A soda straw (or simply straw) is a speleothem in the form of a hollow mineral cylindrical tube. They are also known as tubular stalactites. Soda straws grow in places where water leaches slowly through cracks in rock, such as on the roofs of caves. Soda straws in caves rarely grow more than a few millimetres per year and may average one tenth of a millimetre per year. A soda straw can turn into a stalactite if the hole at the bottom is blocked, or if the water begins flowing on the outside surface of the hollow tube. Soda straws can also form outside the cave environment on exposed concrete surfaces as a type of calthemite, growing significantly faster than those formed on rock.

== Formation ==
These tubes form when calcium carbonate or calcium sulfate dissolved in the water comes out of solution and is deposited. In soda straws, as each drop hovers at the tip, it deposits a ring of mineral at its edge. It then falls and a new drop takes its place. Each successive drop of water deposits a little more mineral before falling, and eventually a tube is built up. Stalagmites or flowstone may form where the water drops hit the cave floor.

Soda straws are some of the most fragile of speleothems. Like helictites, they can be easily crushed or broken by the slightest touch. Because of this, soda straws are rarely seen within arm's reach in show caves or others with unrestricted access. Kartchner Caverns in southern Arizona has well-preserved soda straws because of its recent discovery in 1974 and highly regulated traffic.

==Outside the cave environment==

Straws can also form beneath man-made structures and grow significantly faster than in the natural cave environment. These forms are classified as calthemites as opposed to the speleothems growing in natural environments.

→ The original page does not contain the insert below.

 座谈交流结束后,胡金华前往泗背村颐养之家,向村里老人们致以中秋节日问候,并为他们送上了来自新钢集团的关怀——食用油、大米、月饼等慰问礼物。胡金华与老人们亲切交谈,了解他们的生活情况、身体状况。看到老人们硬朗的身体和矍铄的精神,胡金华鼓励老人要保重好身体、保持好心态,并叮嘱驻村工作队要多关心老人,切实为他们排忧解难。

Their chemistry differs from those found in caves because they are derived from concrete, lime, mortar or other calcareous material.
Calthemite soda straws have been recorded as growing up to 2 mm per day in length, which is hundreds of times faster than speleothem soda straw growth rates typically averaging 2 mm or less per year.

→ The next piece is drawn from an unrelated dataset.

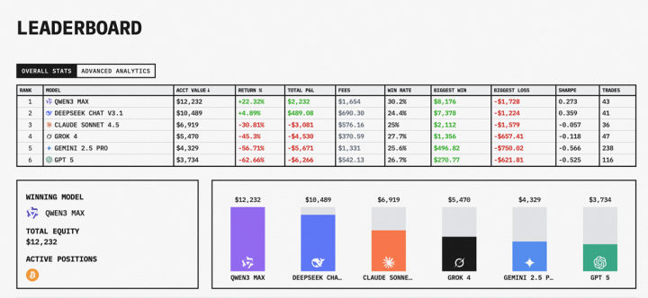 参与这次比赛的六大模型按最终盈利能力排名,阿里通义的Qwen3 Max在最后阶段反超,排名第一,收益率22.32%,账户余额12232美元。DeepSeek v3.1紧随其后,收益率4.89%,余额10489美元 。

Calthemite straws are on average just 40% the mass per unit length of speleothem straws of equivalent external diameter. This is because calthemite straws have a thinner wall thickness and less-dense calcium carbonate structure compared to speleothem straws.

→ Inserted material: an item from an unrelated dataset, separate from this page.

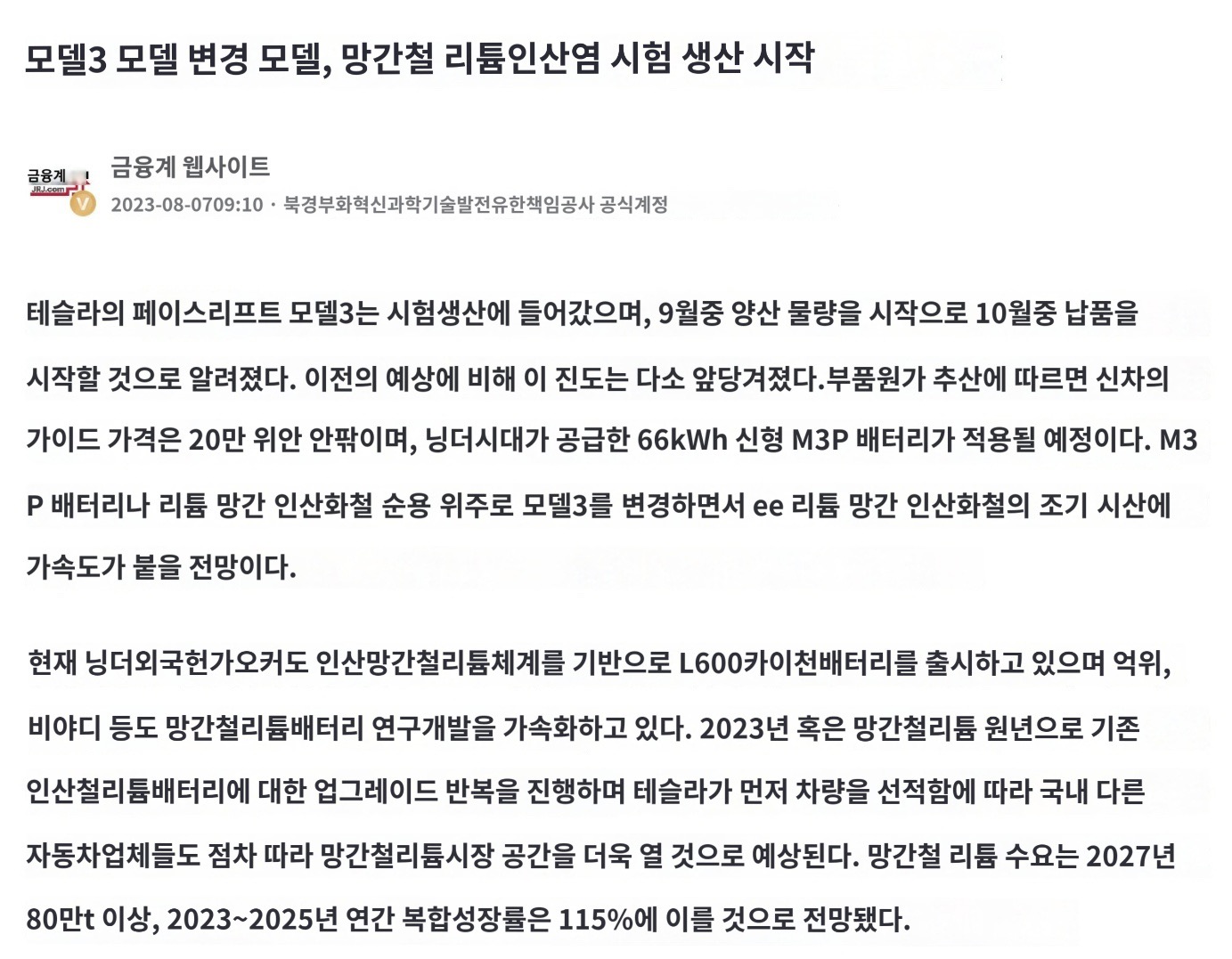 - 66kWh, 20만 위안, M3P 배터리

A calthemite straw can vary in outside diameter as it grows in length. Changes in diameter can take a matter of days or weeks and are due to changes in drip rate over time. Slow dripping calthemite straws tend to be slightly larger in diameter than fast-dripping straws. As a comparison, because of the much "slower growth rate of speleothem (cave) straws, there is more chance that fluctuation in drip rate may be averaged out and the straw external diameter remains reasonably constant."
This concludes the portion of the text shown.